Aside from my formatting errors,  this would actually be incorrect per 
the GNU coding conventions 
(https://gcc.gnu.org/codingconventions.html#Variable), which is probably 
based off of Effective C++ Item 26.  Obviously, we're still dealing with 
part of this as classical C++ and the rest as if it were C, but I'm 
trying to follow C++ norms in C++ classes and member functions.

> @@ -2676,7 +2681,7 @@ xlogue_layout::xlogue_layout (HOST_WIDE_INT stack_
>      {
>        int res = snprintf (name, STUB_NAME_MAX_LEN, "__%s_%u",
>                STUB_BASE_NAMES[stub], MIN_REGS + n_extra_regs);
> -      gcc_checking_assert (res <= (int)STUB_NAME_MAX_LEN);
> +      gcc_checking_assert (res < (int)STUB_NAME_MAX_LEN);

Good catch!
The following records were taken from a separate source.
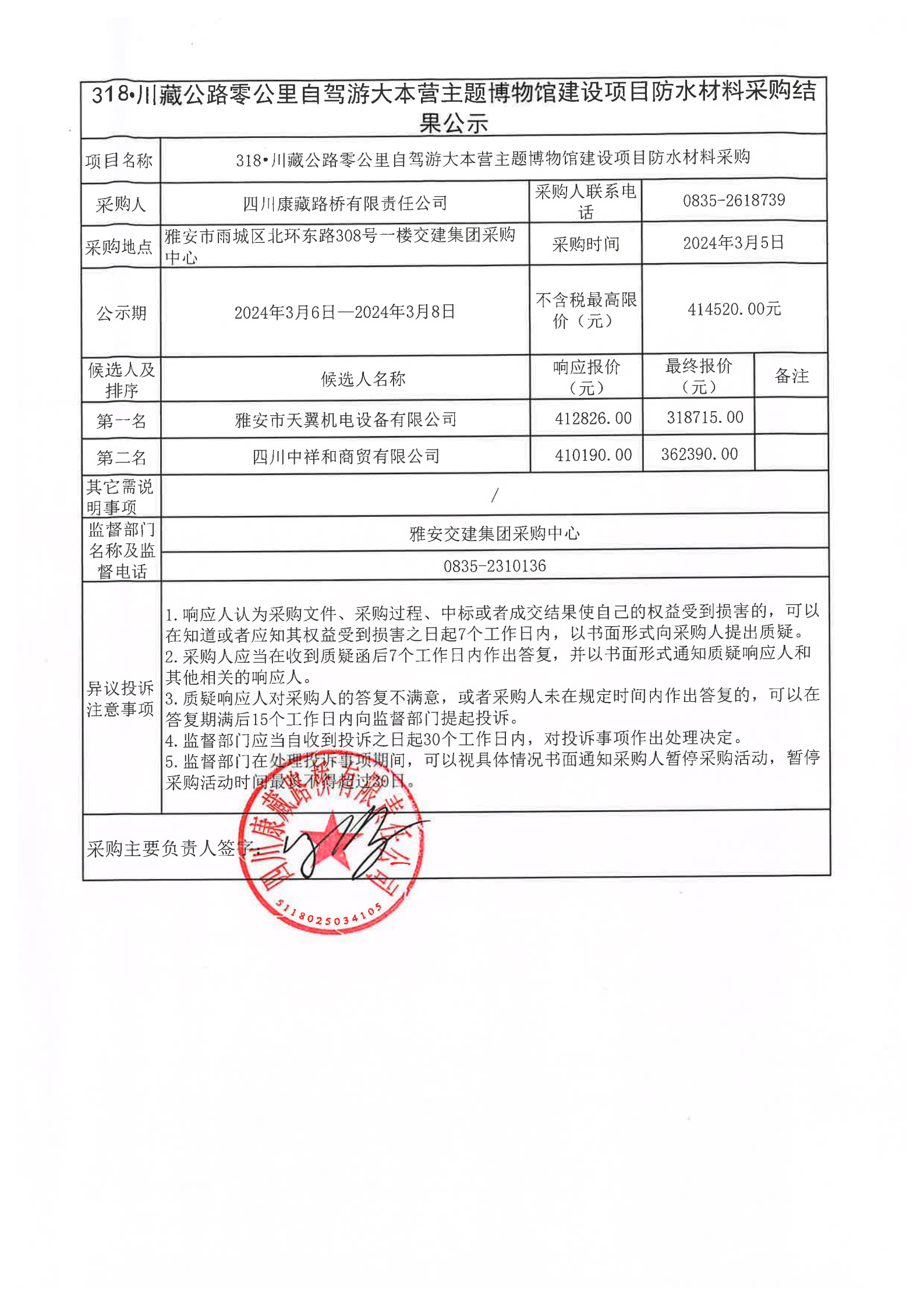 四川康藏路桥有限责任公司318·川藏公路零公里自驾游大本营主题博物馆建设项目防水材料采购结果公示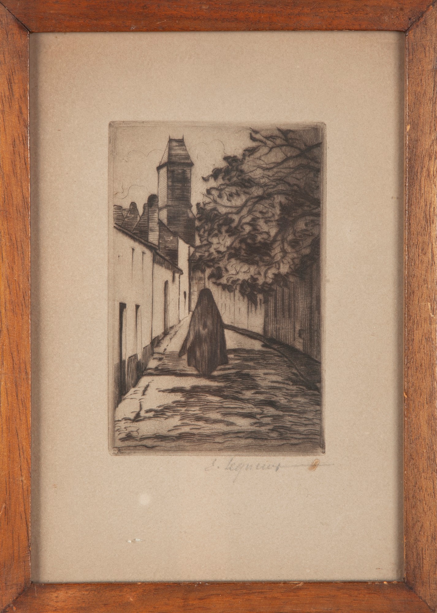 Una suora a passeggio. Firma di difficile lettura in basso a destra. Provenienza: eredi Ettore Modigliani, Milano. acquaforte cm 14 x 9 in cornice cm 26 x 19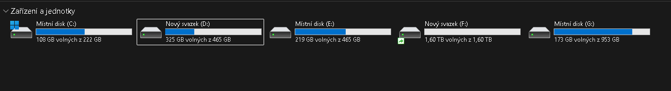 uf, cekal jsem, ze aspon jednou otevres spravu disku (diskmgmt.msc) a podivas se, jak ty disky vypad… nový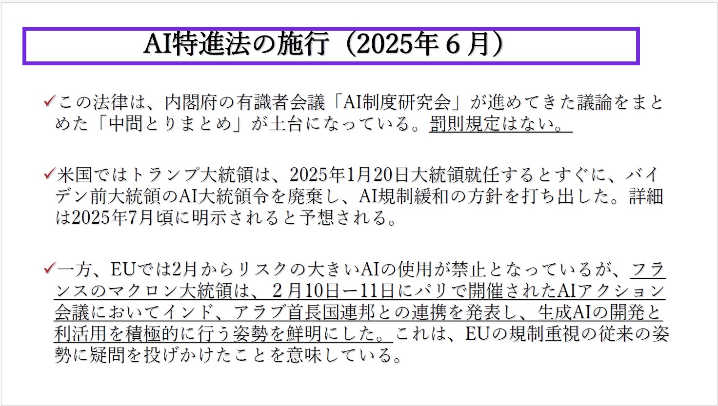 AI推進法に「罰則規定」がない点には批判もある。しかし、罰則規定を作るとなると非常に丹念に検討しなければならず、審議に長い時間がかかってしまう。AIの進化スピードは非常に速く、3~4カ月で状況が大きく変わってしまい、国会で法律が成立した頃にはもはや時代遅れなものになってしまう。罰則は既存の刑法や電気通信事業法などに任せ、新たな規制を被せることをあえてしなかった。その理念と意義は広く理解されるべきだ。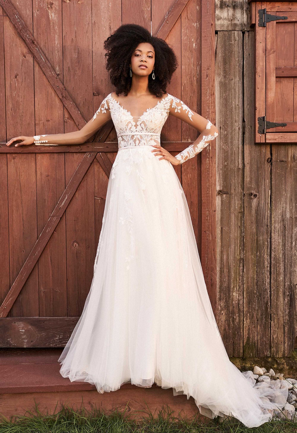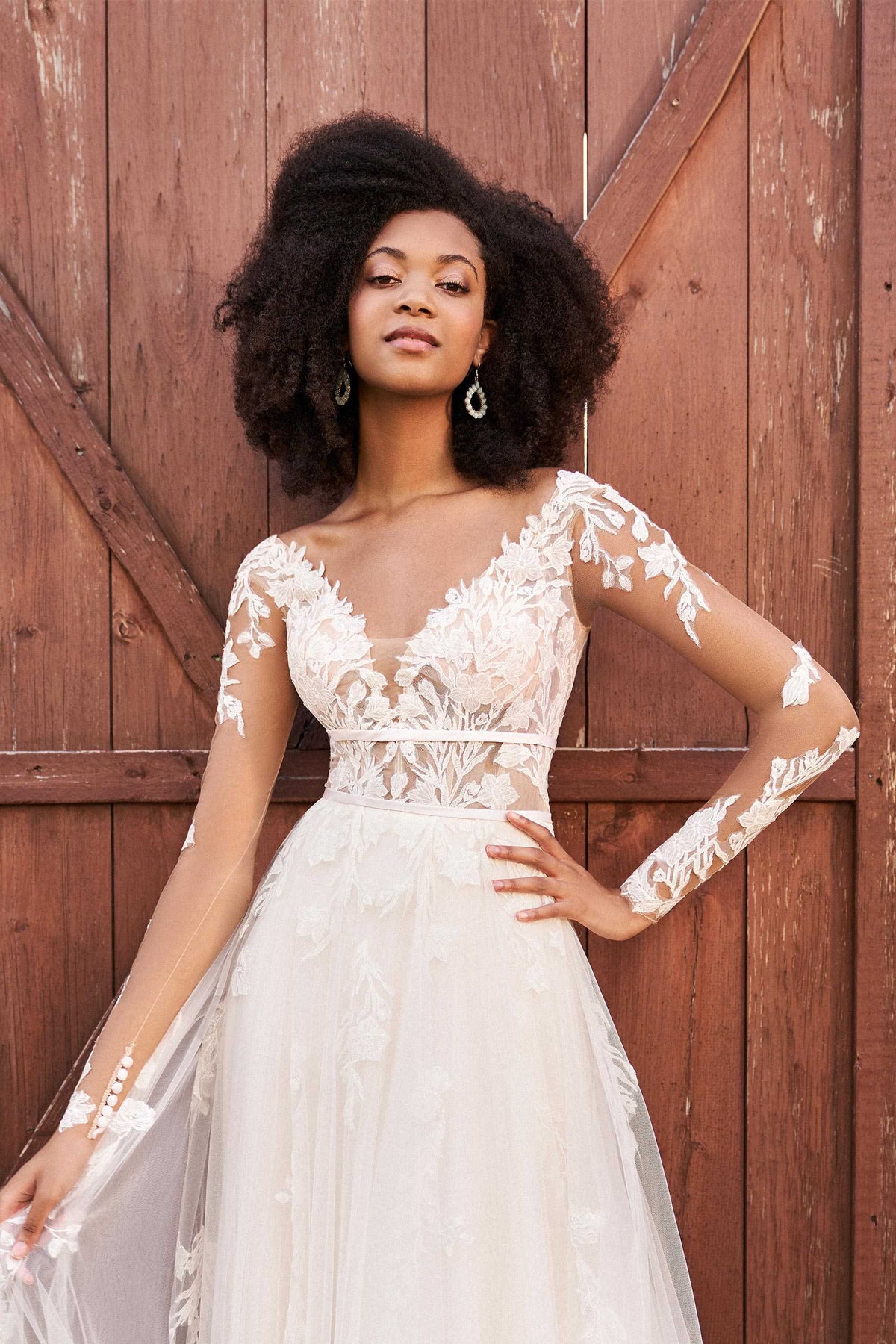 Lillian West 66192 is a graceful tulle A-line wedding dress! The V neckline is framed by sheer long sleeves with floral details. This gown comes to us in great condition from a designer boutique. A cup needs retacked. Lillian West 66192 is Sand/Ivory/Nude in color and a size 18.
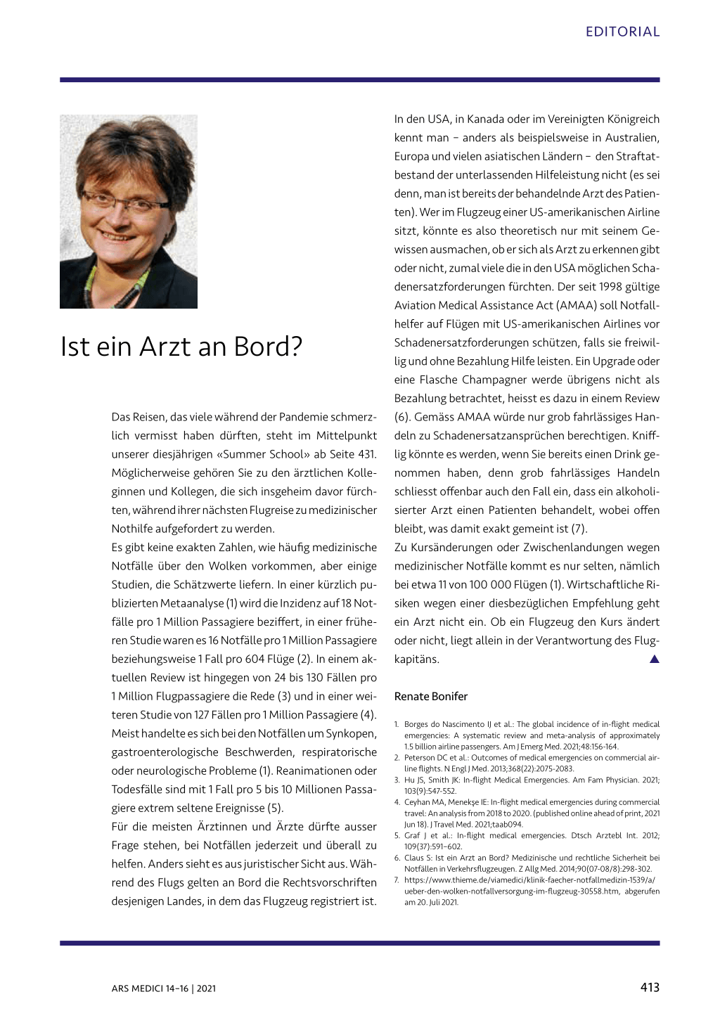 Das Reisen, das viele während der Pandemie schmerzlich vermisst haben dürften, steht im Mittelpunkt unserer diesjährigen «Summer School» ab Seite 431. Möglicherweise gehören Sie zu den ärztlichen Kolleginnen und Kollegen, die sich insgeheim davor fürchten, während ihrer nächsten Flugreise zu medizinischer Nothilfe aufgefordert zu werden. Es gibt keine exakten Zahlen, wie häufig medizinische Notfälle über den Wolken vorkommen, aber einige Studien, die Schätzwerte liefern. In einer kürzlich publizierten Metaanalyse (1) wird die Inzidenz auf 18 Notfälle pro 1 Million Passagiere beziffert, in einer früheren Studie waren es 16 Notfälle pro 1 Million Passagiere beziehungsweise 1 Fall pro 604 Flüge (2). In einem aktuellen Review ist hingegen von 24 bis 130 Fällen pro 1 Million Flugpassagiere die Rede (3) und in einer weiteren Studie von 127 Fällen pro 1 Million Passagiere (4). Meist handelte es sich bei den Notfällen um Synkopen, gastroenterologische Beschwerden, respiratorische oder neurologische Probleme (1). Reanimationen oder Todesfälle sind mit 1 Fall pro 5 bis 10 Millionen Passagiere extrem seltene Ereignisse (5). Für die meisten Ärztinnen und Ärzte dürfte ausser Frage stehen, bei Notfällen jederzeit und überall zu helfen. Anders sieht es aus juristischer Sicht aus. Während des Flugs gelten an Bord die Rechtsvorschriften desjenigen Landes, in dem das Flugzeug registriert ist.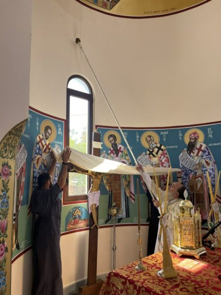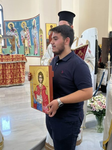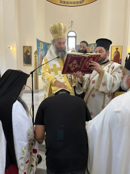 Συνεχάρη επίσης εγκάρδια τον Εφημέριο της Ενορίας, Αιδεσιμολ. Πρωτοπρεσβύτερο Ηλία Κοτζαμπασάκη, το Εκκλησιαστικό Συμβούλιο και όλους τους καλούς συνεργούς του, που εργάστηκαν φιλόπονα για την προετοιμασία των Ιερών Εγκαινίων, ενώ χειροθέτησε σε Αναγνώστη τον υιό του π. Ηλία, Μάριο Κοτζαμπασάκη, και σε Εκκλησιάρχη, τον κ. Εμμανουήλ Βογιατζόγλου.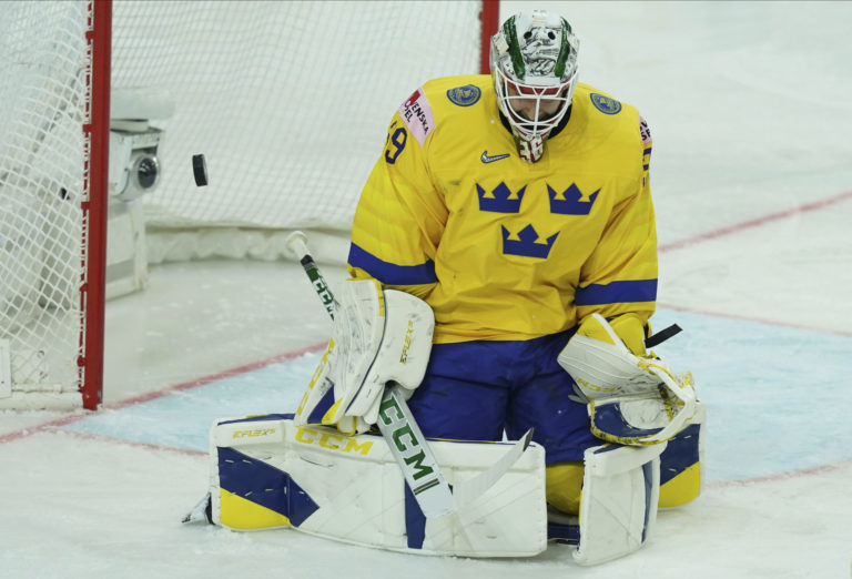 Zákrok švédskeho gólmana Adama Reideborna počas zápasu proti Česku na MS v hokeji 2021. Riga, 27 máj 2021. Foto: SITA/AP.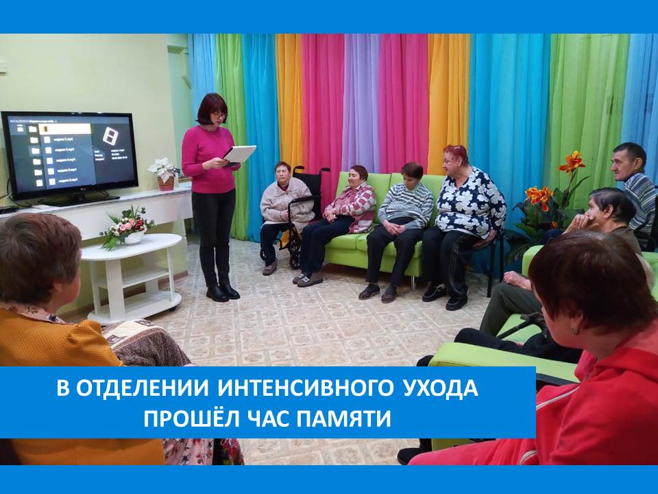 Отделение интенсивного ухода Вязниковского Пансионата (с. Сарыево) периодически посещают специалисты информационно-правового библиотечного центра «Интеллект». На этот раз для жителей отделения был проведён час памяти «Ангелы фронта», посвящённый подвигу медицинских работников в годы Великой Отечественной войны. Медики продемонстрировали выдающийся профессионализм и героизм. Они сберегли жизни огромному числу военнослужащих, несмотря на крайне сложные условия работы. Врачи, медсёстры и санитары проявили мужество и самоотверженность, спасая раненых солдат и офицеров на полях сражений. Их подвиг вдохновлял солдат на борьбу с врагом и вселял уверенность в победе.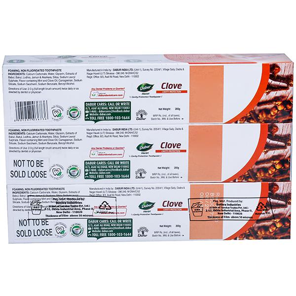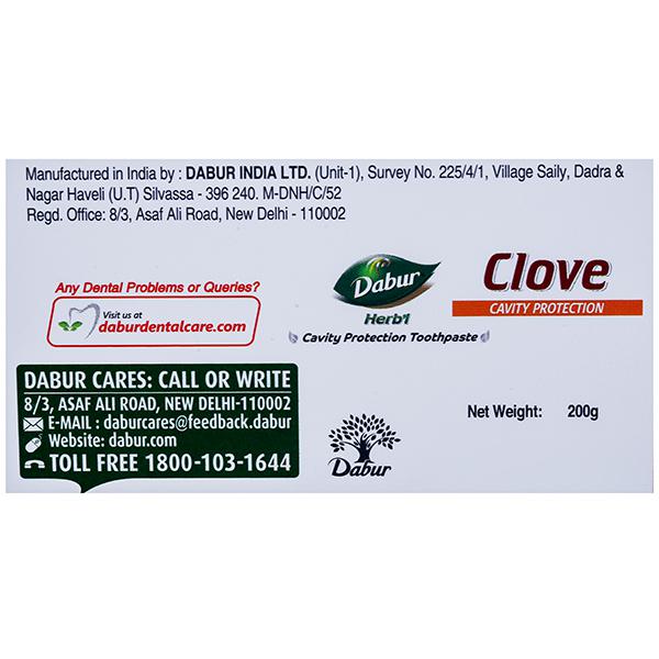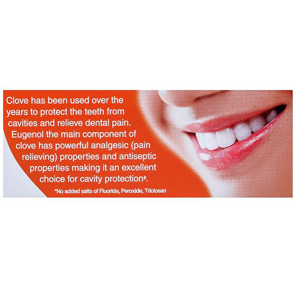 With over 130 years of Herbal expertise, Dabur has always been committed to the health and well-being of every household. In keeping with this motto, Dabur Herb'l range of toothpastes have been specially formulated for those consumers who are looking for natural solutions for their various oral care needs. Dabur Herb'l Clove Toothpaste has been formulated with the goodness of nature's wonder herb Clove, which has been used over the years to protect the teeth from cavities and relieve dental pain. Eugenol, the main component of Clove has powerful analgesic (pain relieving) and antiseptic properties making it an excellent choice for cavity protection. Dabur Herb'l Clove Toothpaste's Fluoride & Paraben free formulation has been specially crafted to ensure that you have a pleasant mouthfeel post brushing, so that you can begin your day on just the right note.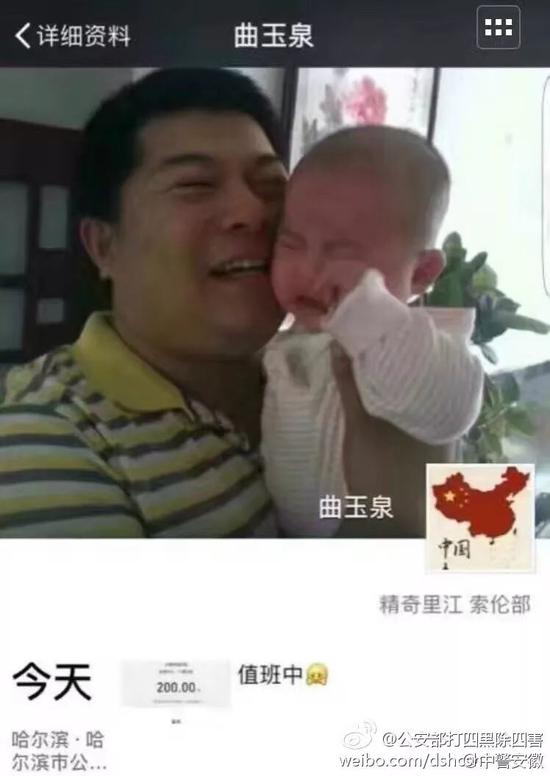 更令人揪心的是,就在当天,曲玉权在朋友圈里更新了一条状态,只有三个字——“值班中”,同时还配了一张200元微信红包的截图。红包来自妻子王丽晶。曲玉权的朋友圈封面,还是他笑着抱自己3岁女儿的画面。

Thank you.

> @@ -12634,10 +12573,6 @@ ix86_hard_regno_scratch_ok (unsigned int regno)
>            && df_regs_ever_live_p (regno)));
>  }
>
> -/* Registers who's save & restore will be managed by stubs called from
> -   pro/epilogue.  */
> -static HARD_REG_SET GTY(()) stub_managed_regs;
> -
>  /* Return true if register class CL should be an additional allocno
>     class.  */
>
> @@ -12718,10 +12653,17 @@ ix86_save_reg (unsigned int regno, bool 
> maybe_eh_r
>      }
>      }
>
> -  if (ignore_outlined && cfun->machine->call_ms2sysv
> -      && in_hard_reg_set_p (stub_managed_regs, DImode, regno))
> -    return false;
> +  if (ignore_outlined && cfun->machine->call_ms2sysv)
> +    {
> +      /* Registers who's save & restore will be managed by stubs 
> called from
> +     pro/epilogue.  */
> +      HARD_REG_SET stub_managed_regs;
> +      xlogue_layout::compute_stub_managed_regs (stub_managed_regs);
>
> +      if (in_hard_reg_set_p (stub_managed_regs, DImode, regno))
> +    return false;
> +    }
> +
>    if (crtl->drap_reg
>        && regno == REGNO (crtl->drap_reg)
>        && !cfun->machine->no_drap_save_restore)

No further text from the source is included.